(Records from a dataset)

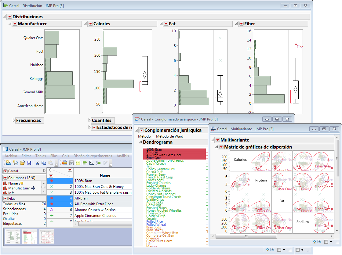 Este capítulo le muestra, paso por paso, un análisis de la tabla de muestra de datos Cereal.jmp instalada con JMP. Aprenderá a explorar los datos en las plataformas Distribución, Multivariante y Conglomerado jerárquico.
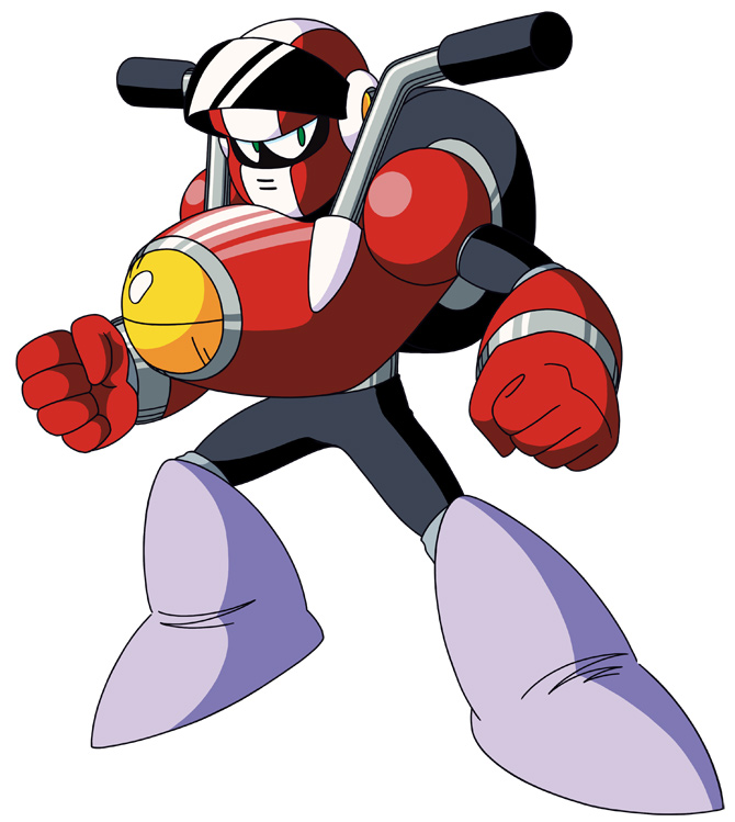 Turbo Man-First off, I’d argue that he deserves an Affinity to Electric. Unlike Spring Man, he actually does receive a boost in his abilities. He becomes faster by a REMARKABLE rate, making him a much tougher fighter. “he becomes an invincible electric car for a short time if charged with high voltage electricity”(MMKB). In this case, I’d say that Turbo deserves the Electric affinity more than old Spring-head. Second off, I do not agree with the reasoning behind the Flame typing. I might as well go back to 7, and bring up his attack patterns. We all remember the Scorch Wheel, right? Of course. How about the “Crash Drive”? No? Allow to enlighten you. It’s his car-transforming technique, where he’d rush you. Obviously, we need to fix the name[Both because it is terrible and Crash Man exists], but tell me what second-typing you could give this attack? Well, none. On the other hand, Scorch Wheel can easily be Flame and Swift, thus knocking out the T2. “Crash Drive”, on the other hand, isn’t so easy. Would it really make sense to give this a second-typing? I mean, he RUSHES you. Keyword rush, which is how I’d sum up most Swift-attacks. Don’t forget we already have quite a bit of Flame-cores coming up. I know you’re throwing Nitro in my face, but I’ll throw something back….
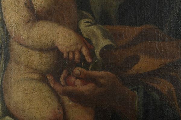 The small canvas depicts St. Joseph holding up the seated Child, on a red velvet cushion wrapped in a flap of white fabric. The child affectionately embraces his father and with his right hand points to the fruit in his hand. According to traditional iconography, St. Joseph wears a dark robe with a yellow ocher cloak and on his shoulder he carries a flowering rod, an attribute that immediately identifies him and refers to the miracle of the flowering of the dry branch, which made him choose as Mary's husband.
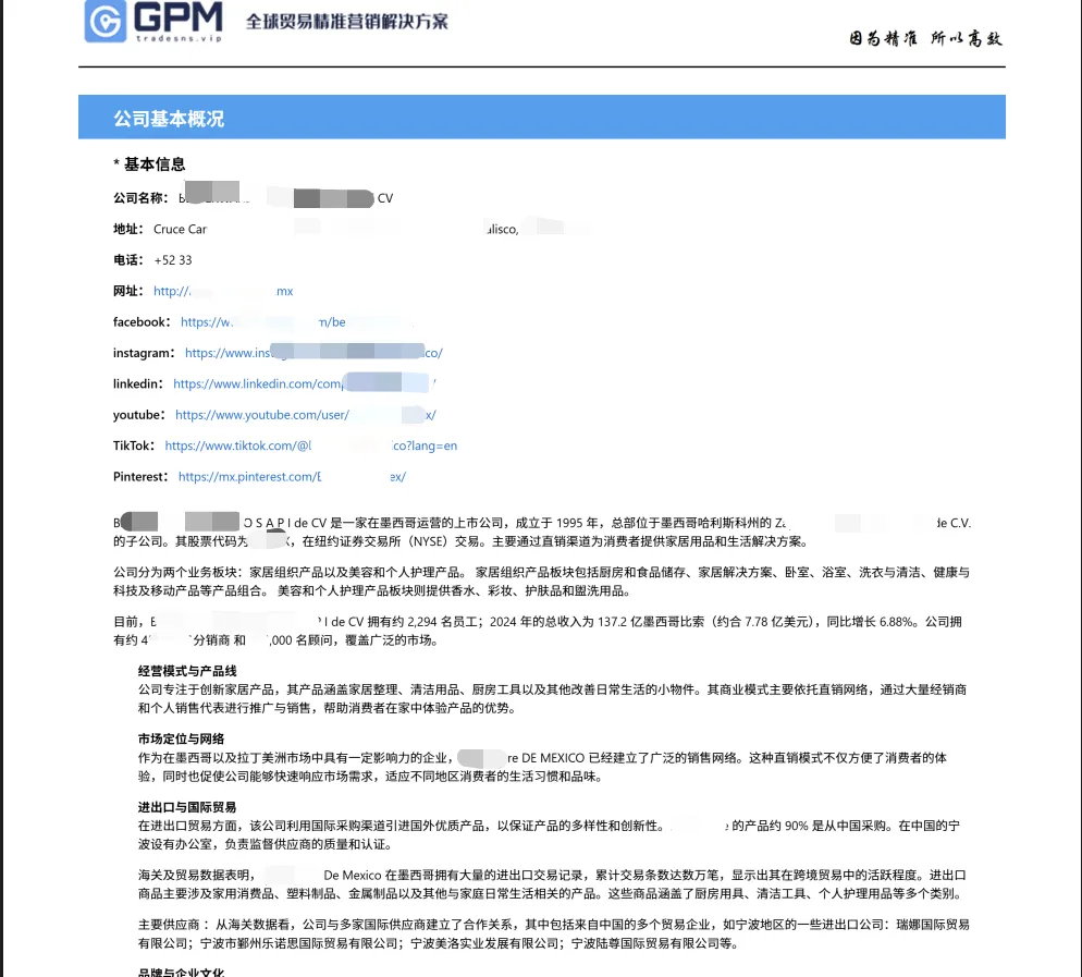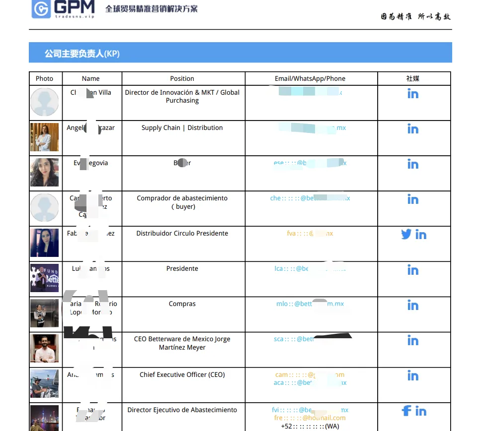 GPM系統(tǒng)可選擇對方職務(wù), 精準(zhǔn)聯(lián)系上采購商采購負(fù)責(zé)人或企業(yè)高管的郵箱、電話、社媒,讓你找準(zhǔn)對的人=定制報(bào)告的精準(zhǔn)KP定位,更是介入了人工核對,讓您每一次溝通都能高效觸達(dá)核心KP
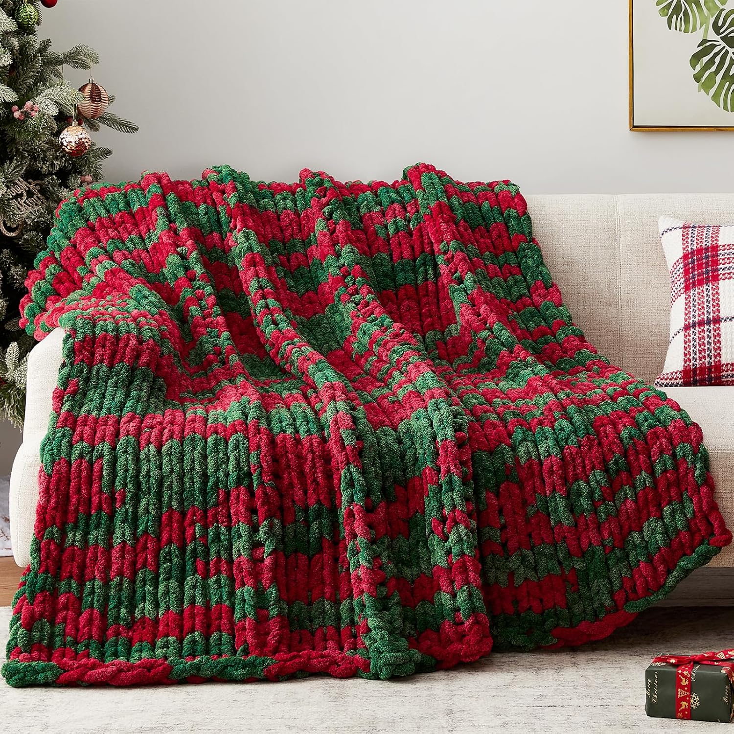 Chunky Knit Throw Blanket, 40''*50'' Knitted Throw Chenille Yarn for Bed Couch, Handmade Stripe Crochet Big Thick Blanket, Machine Washable Cute Comfy Blanket for Home Decor

Work required: Without changing a word, retype every entry above, but drop its pictures.

Answer to this task:
 Este capítulo le muestra, paso por paso, un análisis de la tabla de muestra de datos Cereal.jmp instalada con JMP. Aprenderá a explorar los datos en las plataformas Distribución, Multivariante y Conglomerado jerárquico.
 Turbo Man-First off, I’d argue that he deserves an Affinity to Electric. Unlike Spring Man, he actually does receive a boost in his abilities. He becomes faster by a REMARKABLE rate, making him a much tougher fighter. “he becomes an invincible electric car for a short time if charged with high voltage electricity”(MMKB). In this case, I’d say that Turbo deserves the Electric affinity more than old Spring-head. Second off, I do not agree with the reasoning behind the Flame typing. I might as well go back to 7, and bring up his attack patterns. We all remember the Scorch Wheel, right? Of course. How about the “Crash Drive”? No? Allow to enlighten you. It’s his car-transforming technique, where he’d rush you. Obviously, we need to fix the name[Both because it is terrible and Crash Man exists], but tell me what second-typing you could give this attack? Well, none. On the other hand, Scorch Wheel can easily be Flame and Swift, thus knocking out the T2. “Crash Drive”, on the other hand, isn’t so easy. Would it really make sense to give this a second-typing? I mean, he RUSHES you. Keyword rush, which is how I’d sum up most Swift-attacks. Don’t forget we already have quite a bit of Flame-cores coming up. I know you’re throwing Nitro in my face, but I’ll throw something back….
 The small canvas depicts St. Joseph holding up the seated Child, on a red velvet cushion wrapped in a flap of white fabric. The child affectionately embraces his father and with his right hand points to the fruit in his hand. According to traditional iconography, St. Joseph wears a dark robe with a yellow ocher cloak and on his shoulder he carries a flowering rod, an attribute that immediately identifies him and refers to the miracle of the flowering of the dry branch, which made him choose as Mary's husband.
 GPM系統(tǒng)可選擇對方職務(wù), 精準(zhǔn)聯(lián)系上采購商采購負(fù)責(zé)人或企業(yè)高管的郵箱、電話、社媒,讓你找準(zhǔn)對的人=定制報(bào)告的精準(zhǔn)KP定位,更是介入了人工核對,讓您每一次溝通都能高效觸達(dá)核心KP
 Chunky Knit Throw Blanket, 40''*50'' Knitted Throw Chenille Yarn for Bed Couch, Handmade Stripe Crochet Big Thick Blanket, Machine Washable Cute Comfy Blanket for Home Decor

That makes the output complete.